This script handles failover of a primary WAN interface on a Mikrotik router and attemnpts to ping an 'always available' internet address such as 8.8.4.4.
The script requires the device have 2 x WAN interfaces each with a default gateway defined (see below).
The primary WAN interfaces' default route requires a comment that is used in the script to set a route distance upon failover. In this example the primary WAN comment is "primary_route". This route also requires a distance of 1 be set.

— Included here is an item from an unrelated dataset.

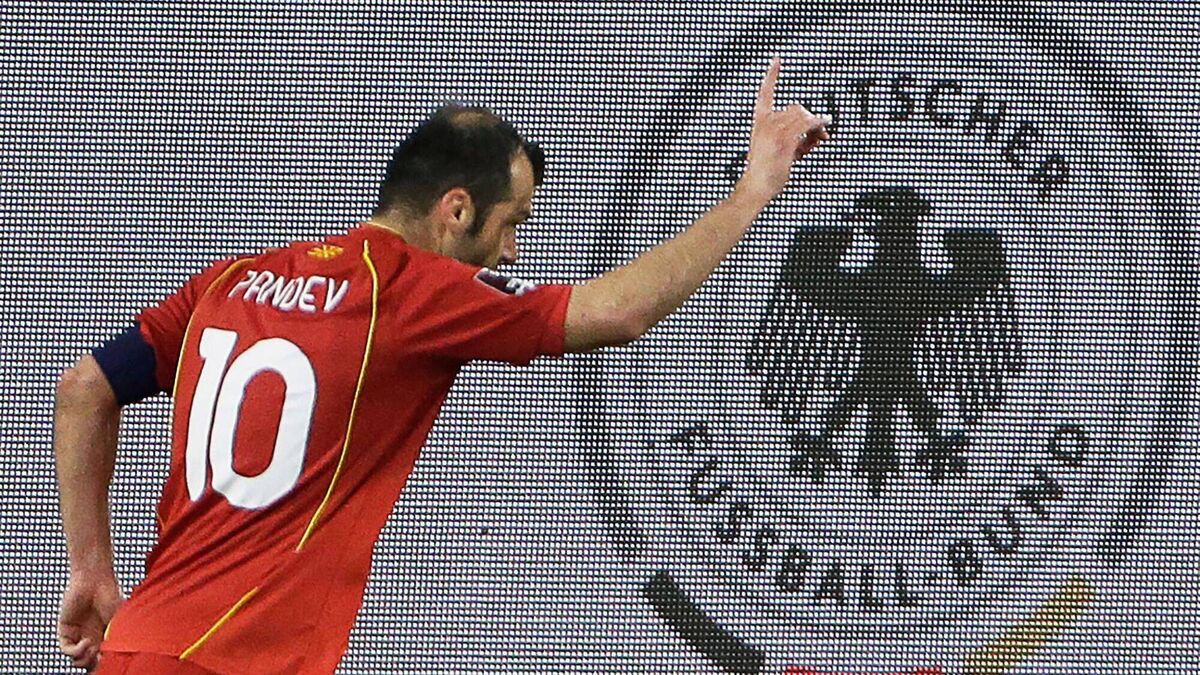 PARADISE GAINED: Veteran North Macedonia forward Goran Pandev celebrates scoring the opening goal during the 2022 World Cup qualifier against Germany. Pandev will play in his first international tournament at the age of 37.

The secondary WAN interface must have a distance of 2 set, the comment here is not important but in my example this route comment is "secondary_route".
The routes:
/ip route
add comment=primary_route disabled=no distance=1 dst-address=0.0.0.0/0 gateway=124.1.1.2 routing-table=main scope=30 suppress-hw-offload=no target-scope=10
add comment=secondary_route disabled=no distance=2 dst-address=0.0.0.0/0 gateway=10.31.0.2 routing-table=main scope=30 suppress-hw-offload=no target-scope=10
The script must always attempt to ping the internet endpoint via the primary ineterface gateway so another 2 static routes are set. The blackhole route is essential in the case that the primary WAN gateway is the cause of the failover as it prevents the device sending ping requests to 8.8.4.4 via the secondary WAN gateway which would result in the WAN gateways flapping up and down.
/ip route
add disabled=no distance=1 dst-address=8.8.4.4/32 gateway=124.1.1.2 routing-table=main scope=30 suppress-hw-offload=no target-scope=10
add blackhole disabled=no distance=2 dst-address=8.8.4.4/32 gateway="" routing-table=main scope=30 suppress-hw-offload=no target-scope=10
There are multpile variables that can be set at the begining of the script that affect the operation of the failover:
Option | Default | Description |
---|---|---|
debug | false | Adds additional :log output. |
pingTarget | "8.8.4.4" | IP endpoint to ping, should be an 'always on' and reliable address. |
routeComment | "primary_route" | must match the Primary WAN defautl gateway comment. This is used to set the route distance on state change. |
pingCount | 15 | Number if ping requests sent at each scheduled check cycle |
successPercent | 85 | Integer value representing the required percentage of success pings responses required per check cycle. ie. 85 = 85% required to mark as successful. |
maxAllowedPing | 200 | Maximum allowed time in ms allowed for each ping response. If this time is exceeded the ping response is not included in that cycles' success count and will affect successPercent. |
failThreshold | 2 | Provides debounce for the DOWN state. ie. 2 x successive ping cycles must fail before Primary WAN is marked DOWN. Set to 1 to disable debounce. |
successThreshold | 3 | Provides debounce for the UP state. ie. 3 x successive ping cycles must succeed before Primary WAN is marked UP. Set to 1 to disable debounce. |
❗ The script has the route distance set commands commented to avoid any issues during testing. To activate the script the two commented lines below must be uncommented.
#set $r distance=3
and
#set $r distance=1
RouterOS does not do floating point math so we have to improvise. The script calculates a percentage of sent pings that must succeed. eg. 15 pings are sent and 85% must pass by default, ie. 12.75. Rounded up this is 13 ping responses required.
From the RouterOS CLI:
:put ((15*85)/100)
12
But 85% of 15 rounded up is 13, so:
:put (((15*85)+99)/100)
13
Adding 99 to the multiplication shifts the result just above the next integer boundary forcing the round up. Its a little hacky but until we get floating point math in RouterOS it will do.